Javid claimed, in a Financial Times interview, that the Treasury would not lend support to manufacturers that favour EU rules as the sector has had three years to prepare for Britain’s transition. He stated: “There will not be alignment, we will not be a rule taker, we will not be in the single market and we will not be in the customs union – and we will do this by the end of the year”.

His comments will alarm business leaders in key sectors such as farming and manufacturing who will fear more complex import and export trade barriers. This is a marked departure from Theresa May’s proposed deal, in which she outlined close alignment with the EU in order to minimise border friction for traders.

The Confederation of British Industry (CBI) group’s director general, Carolyn Fairbairn, said business “recognises there are areas where the UK can benefit from its future right to diverge from EU regulation” but also urged the government “not to treat this right as an obligation to diverge. For some firms, divergence brings value, but for many others, alignment supports jobs and competitiveness – particularly in some of the most deprived regions of the UK.”
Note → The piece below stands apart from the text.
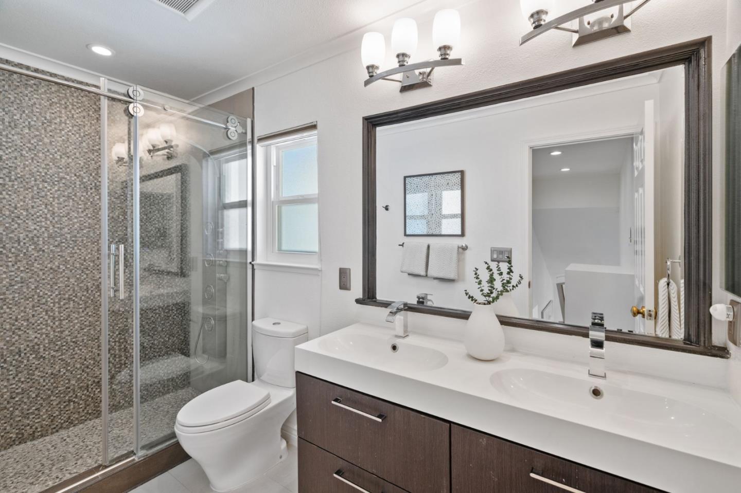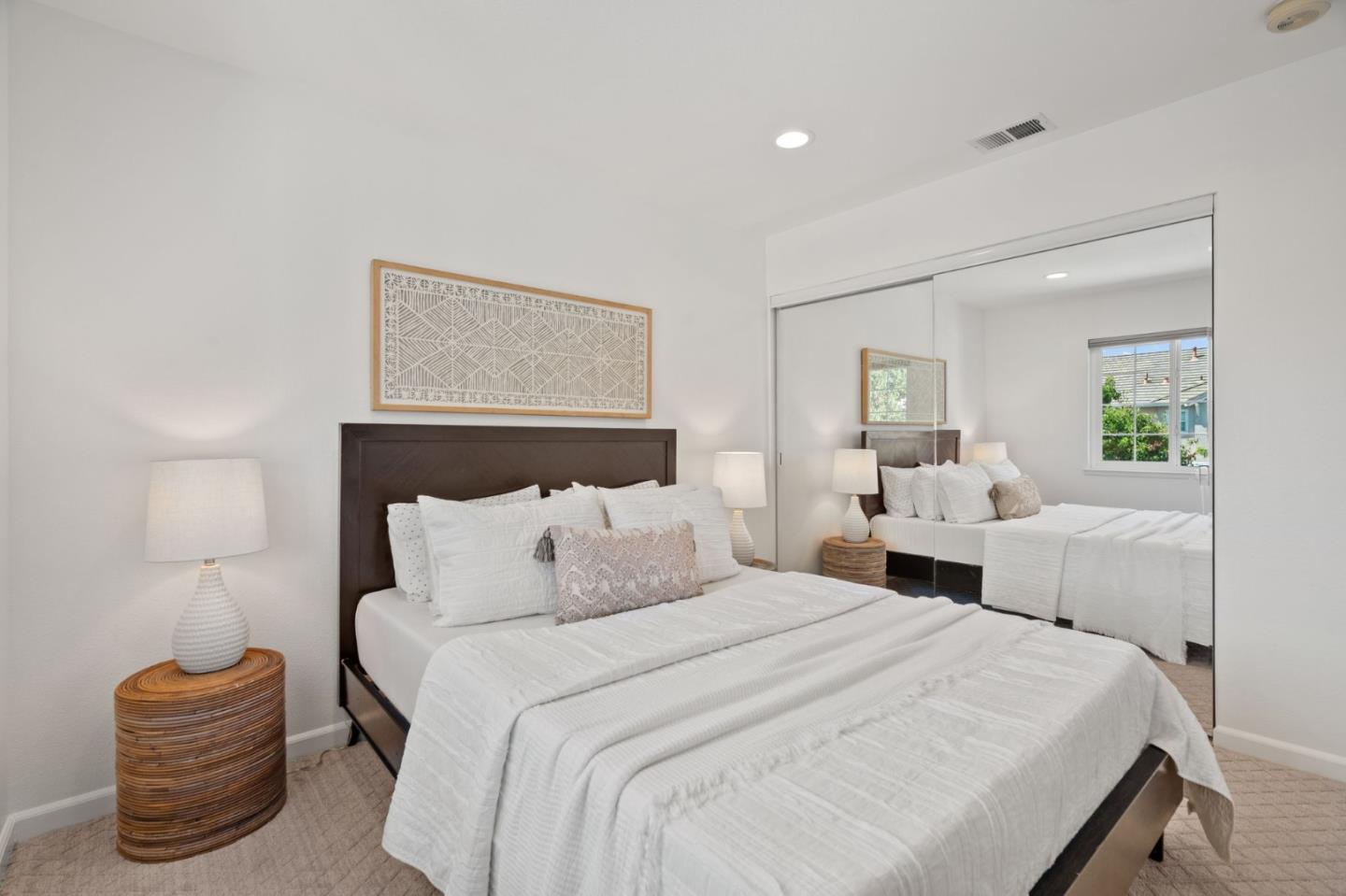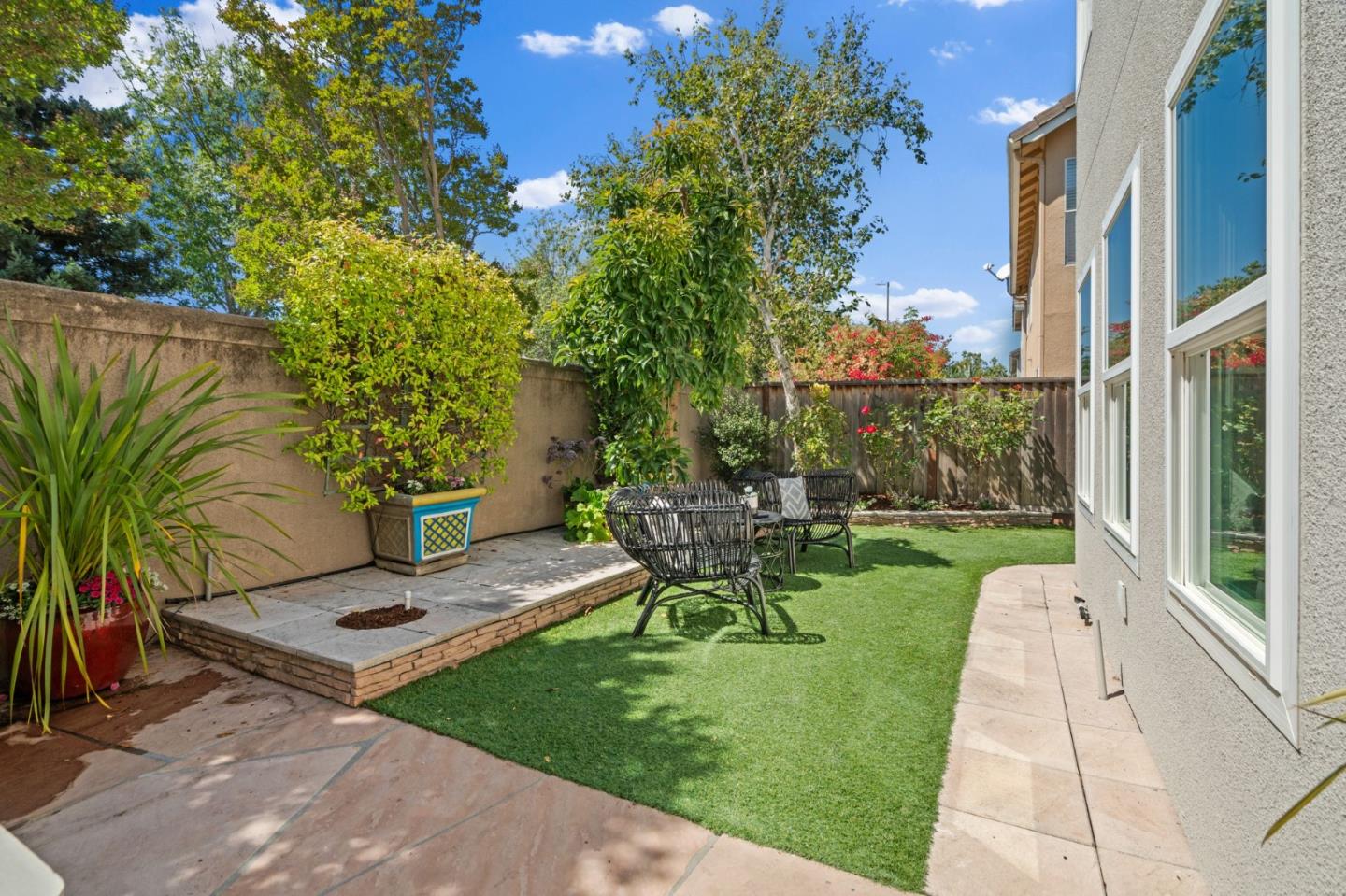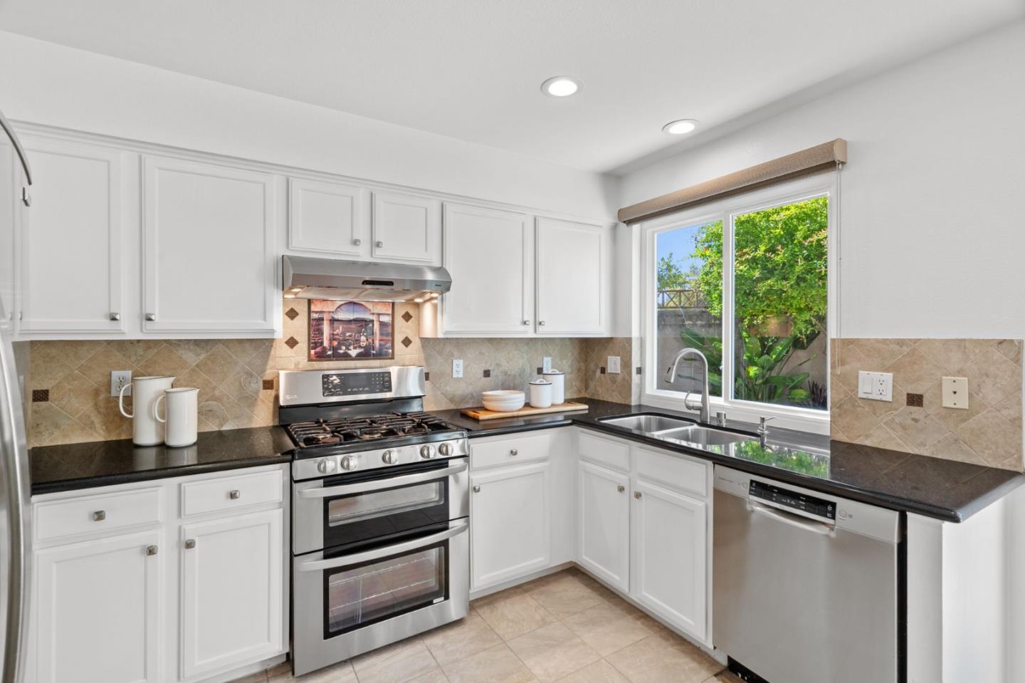 A beautiful single-family home in the desirable California Impressions community offers abundant light, high ceilings, modern upgrades, and no HOA. Featuring 3 bedrooms and 2.5 baths, the residence showcases a remodeled guest bath, new carpets upstairs, and all-new windows throughout. A chef-friendly kitchen opens to the family room with built-ins, while storage solutions are thoughtfully integrated in every bedroom, the family room, and garage. Enjoy fully owned solar, a Tesla charger, and an inviting finished backyard retreat with California-style landscaping in front. Window treatments are updated and add a polished look throughout. Everyday conveniences include laundry and two-car garage. Perfectly located near Rivermark Plaza, Guadalupe River Trail, tech campuses, Levis Stadium, and freeways 237/680/880/101, this home combines lifestyle, efficiency, and value in one of San Joses most connected neighborhoods.

The shadow chancellor, John McDonnell commented: “Fears now made real about food price increases and threats to jobs in motor industry and manufacturing. Right ideology overriding common sense.” Whilst Labour MP David Lammy described it as a “disaster for business”. “Brexit will hurt most those communities it claimed to help,” he said.

Michel Barnier, the EU’s chief negotiator has also warned that the UK will not get a tariff-free, quota-free trade deal with the EU unless it accepts level-playing field rules on issues such as the environment.

Javid has conceded some businesses may not benefit from Brexit, but stated the UK economy would continue to thrive in the long term “Once we’ve got this agreement in place with our European friends, we will continue to be one of the most successful economies on Earth,” he said.

Negotiations begin formally after 25 February when the EU has formally agreed its negotiating goals but, in the meantime, Javid will have an opportunity to sell his Post Brexit vision for the UK during the World Economic Forum, which runs from 21-24 January.